----- Given data -----

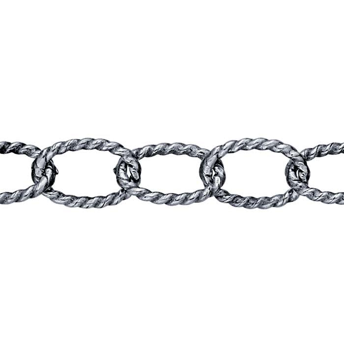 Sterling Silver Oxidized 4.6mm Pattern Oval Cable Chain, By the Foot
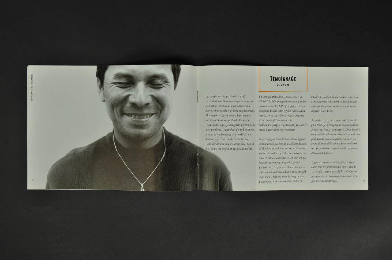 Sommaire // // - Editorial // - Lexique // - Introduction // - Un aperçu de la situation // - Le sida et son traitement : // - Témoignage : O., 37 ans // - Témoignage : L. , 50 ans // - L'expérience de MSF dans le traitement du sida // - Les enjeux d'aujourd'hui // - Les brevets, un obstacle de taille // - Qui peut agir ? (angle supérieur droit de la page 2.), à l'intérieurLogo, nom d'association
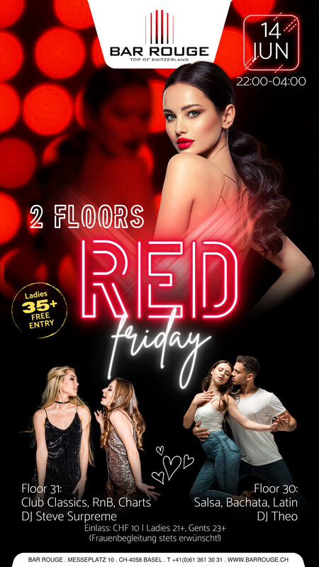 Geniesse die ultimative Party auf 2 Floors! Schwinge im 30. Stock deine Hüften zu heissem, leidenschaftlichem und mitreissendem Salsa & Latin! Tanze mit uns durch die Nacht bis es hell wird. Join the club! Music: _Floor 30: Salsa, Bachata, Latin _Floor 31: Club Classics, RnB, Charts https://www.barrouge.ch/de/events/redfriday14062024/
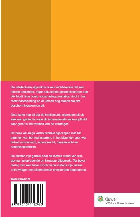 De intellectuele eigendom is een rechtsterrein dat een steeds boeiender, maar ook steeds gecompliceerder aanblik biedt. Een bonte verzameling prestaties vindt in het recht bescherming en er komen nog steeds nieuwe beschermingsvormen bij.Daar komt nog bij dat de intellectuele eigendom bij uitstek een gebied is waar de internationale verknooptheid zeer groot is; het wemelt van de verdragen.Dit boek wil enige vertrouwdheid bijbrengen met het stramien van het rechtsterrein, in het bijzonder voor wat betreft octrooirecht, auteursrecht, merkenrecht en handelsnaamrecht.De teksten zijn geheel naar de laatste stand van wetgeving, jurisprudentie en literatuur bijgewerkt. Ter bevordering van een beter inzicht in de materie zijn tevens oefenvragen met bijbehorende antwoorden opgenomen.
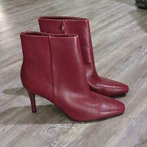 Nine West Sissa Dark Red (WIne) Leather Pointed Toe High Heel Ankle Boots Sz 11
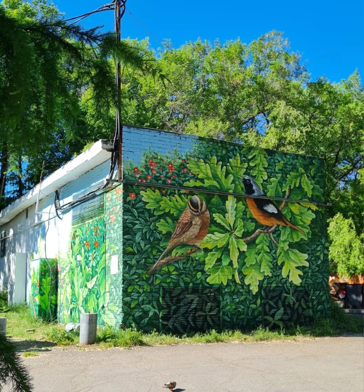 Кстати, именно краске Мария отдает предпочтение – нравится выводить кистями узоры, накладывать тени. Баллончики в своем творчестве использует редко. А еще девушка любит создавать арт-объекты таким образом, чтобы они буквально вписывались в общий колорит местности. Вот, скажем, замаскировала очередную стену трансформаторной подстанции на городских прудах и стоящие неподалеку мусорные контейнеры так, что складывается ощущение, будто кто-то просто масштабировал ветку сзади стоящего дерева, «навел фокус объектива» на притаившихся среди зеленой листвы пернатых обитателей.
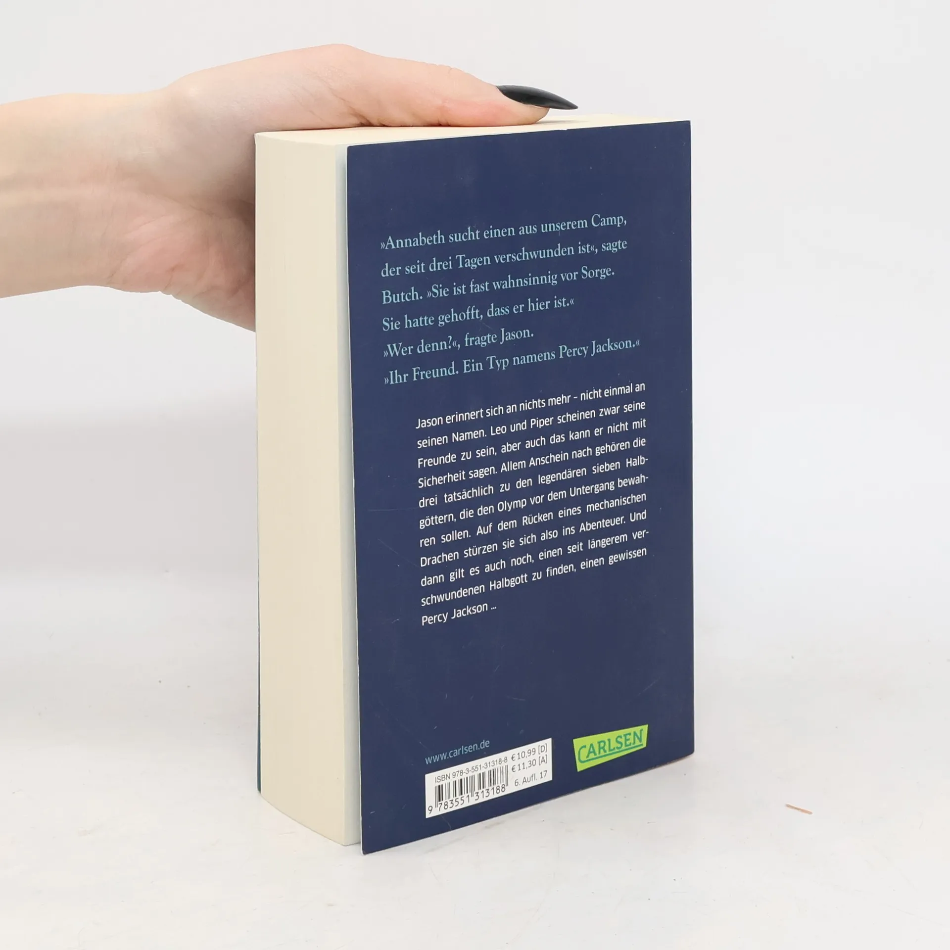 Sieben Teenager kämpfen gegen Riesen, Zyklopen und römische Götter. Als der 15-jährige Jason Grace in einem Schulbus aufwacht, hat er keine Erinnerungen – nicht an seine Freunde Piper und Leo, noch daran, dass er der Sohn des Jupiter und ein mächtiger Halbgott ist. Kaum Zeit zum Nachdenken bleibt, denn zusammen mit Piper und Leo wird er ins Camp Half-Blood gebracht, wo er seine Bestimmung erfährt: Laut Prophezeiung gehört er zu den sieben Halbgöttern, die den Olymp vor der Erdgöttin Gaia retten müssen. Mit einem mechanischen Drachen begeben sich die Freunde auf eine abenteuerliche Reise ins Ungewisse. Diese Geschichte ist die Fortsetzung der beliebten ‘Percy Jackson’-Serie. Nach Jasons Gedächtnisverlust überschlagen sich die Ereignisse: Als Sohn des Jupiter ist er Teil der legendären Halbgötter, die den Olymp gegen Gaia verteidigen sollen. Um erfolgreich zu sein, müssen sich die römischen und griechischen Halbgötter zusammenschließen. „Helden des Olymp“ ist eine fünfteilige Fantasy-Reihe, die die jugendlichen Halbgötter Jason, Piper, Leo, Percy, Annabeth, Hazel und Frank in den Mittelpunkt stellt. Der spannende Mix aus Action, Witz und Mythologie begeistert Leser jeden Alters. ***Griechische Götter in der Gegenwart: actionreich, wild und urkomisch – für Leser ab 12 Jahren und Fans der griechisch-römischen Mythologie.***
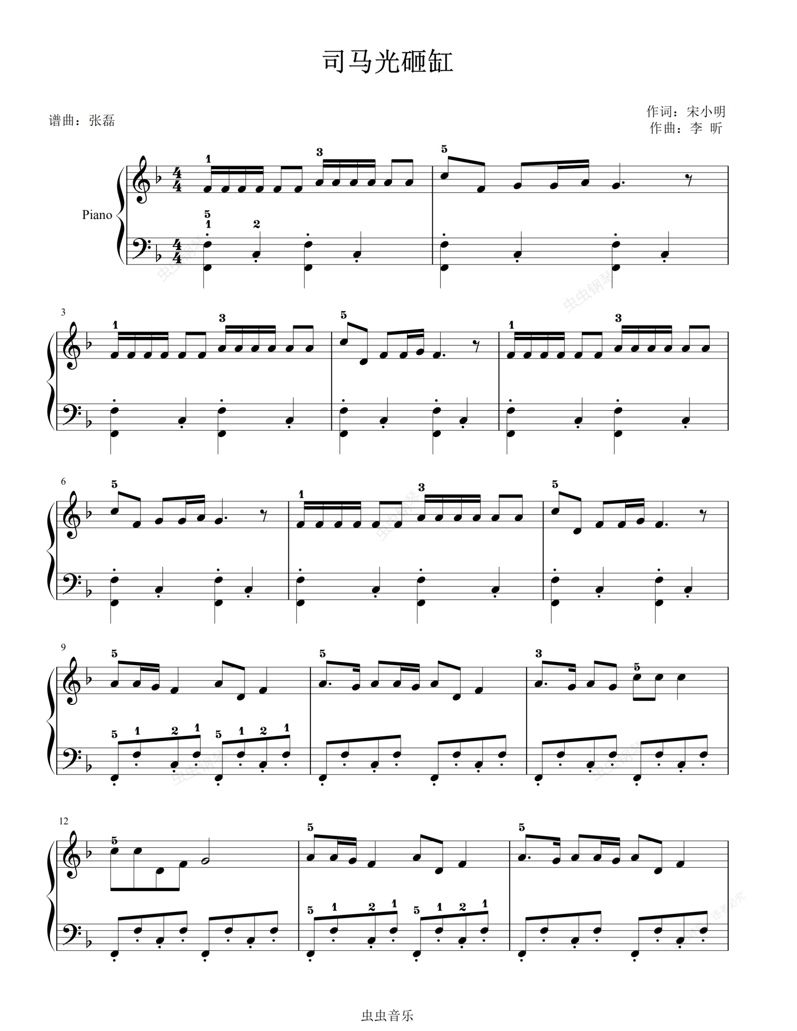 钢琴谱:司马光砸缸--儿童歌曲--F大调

-----

:: Task to complete ::
Where pictures sit among the data above, omit them, and output the rest exactly.

:: Response to the task ::
 Sterling Silver Oxidized 4.6mm Pattern Oval Cable Chain, By the Foot
 Sommaire // // - Editorial // - Lexique // - Introduction // - Un aperçu de la situation // - Le sida et son traitement : // - Témoignage : O., 37 ans // - Témoignage : L. , 50 ans // - L'expérience de MSF dans le traitement du sida // - Les enjeux d'aujourd'hui // - Les brevets, un obstacle de taille // - Qui peut agir ? (angle supérieur droit de la page 2.), à l'intérieurLogo, nom d'association
 Geniesse die ultimative Party auf 2 Floors! Schwinge im 30. Stock deine Hüften zu heissem, leidenschaftlichem und mitreissendem Salsa & Latin! Tanze mit uns durch die Nacht bis es hell wird. Join the club! Music: _Floor 30: Salsa, Bachata, Latin _Floor 31: Club Classics, RnB, Charts https://www.barrouge.ch/de/events/redfriday14062024/
 De intellectuele eigendom is een rechtsterrein dat een steeds boeiender, maar ook steeds gecompliceerder aanblik biedt. Een bonte verzameling prestaties vindt in het recht bescherming en er komen nog steeds nieuwe beschermingsvormen bij.Daar komt nog bij dat de intellectuele eigendom bij uitstek een gebied is waar de internationale verknooptheid zeer groot is; het wemelt van de verdragen.Dit boek wil enige vertrouwdheid bijbrengen met het stramien van het rechtsterrein, in het bijzonder voor wat betreft octrooirecht, auteursrecht, merkenrecht en handelsnaamrecht.De teksten zijn geheel naar de laatste stand van wetgeving, jurisprudentie en literatuur bijgewerkt. Ter bevordering van een beter inzicht in de materie zijn tevens oefenvragen met bijbehorende antwoorden opgenomen.
 Nine West Sissa Dark Red (WIne) Leather Pointed Toe High Heel Ankle Boots Sz 11
 Кстати, именно краске Мария отдает предпочтение – нравится выводить кистями узоры, накладывать тени. Баллончики в своем творчестве использует редко. А еще девушка любит создавать арт-объекты таким образом, чтобы они буквально вписывались в общий колорит местности. Вот, скажем, замаскировала очередную стену трансформаторной подстанции на городских прудах и стоящие неподалеку мусорные контейнеры так, что складывается ощущение, будто кто-то просто масштабировал ветку сзади стоящего дерева, «навел фокус объектива» на притаившихся среди зеленой листвы пернатых обитателей.
 Sieben Teenager kämpfen gegen Riesen, Zyklopen und römische Götter. Als der 15-jährige Jason Grace in einem Schulbus aufwacht, hat er keine Erinnerungen – nicht an seine Freunde Piper und Leo, noch daran, dass er der Sohn des Jupiter und ein mächtiger Halbgott ist. Kaum Zeit zum Nachdenken bleibt, denn zusammen mit Piper und Leo wird er ins Camp Half-Blood gebracht, wo er seine Bestimmung erfährt: Laut Prophezeiung gehört er zu den sieben Halbgöttern, die den Olymp vor der Erdgöttin Gaia retten müssen. Mit einem mechanischen Drachen begeben sich die Freunde auf eine abenteuerliche Reise ins Ungewisse. Diese Geschichte ist die Fortsetzung der beliebten ‘Percy Jackson’-Serie. Nach Jasons Gedächtnisverlust überschlagen sich die Ereignisse: Als Sohn des Jupiter ist er Teil der legendären Halbgötter, die den Olymp gegen Gaia verteidigen sollen. Um erfolgreich zu sein, müssen sich die römischen und griechischen Halbgötter zusammenschließen. „Helden des Olymp“ ist eine fünfteilige Fantasy-Reihe, die die jugendlichen Halbgötter Jason, Piper, Leo, Percy, Annabeth, Hazel und Frank in den Mittelpunkt stellt. Der spannende Mix aus Action, Witz und Mythologie begeistert Leser jeden Alters. ***Griechische Götter in der Gegenwart: actionreich, wild und urkomisch – für Leser ab 12 Jahren und Fans der griechisch-römischen Mythologie.***
 钢琴谱:司马光砸缸--儿童歌曲--F大调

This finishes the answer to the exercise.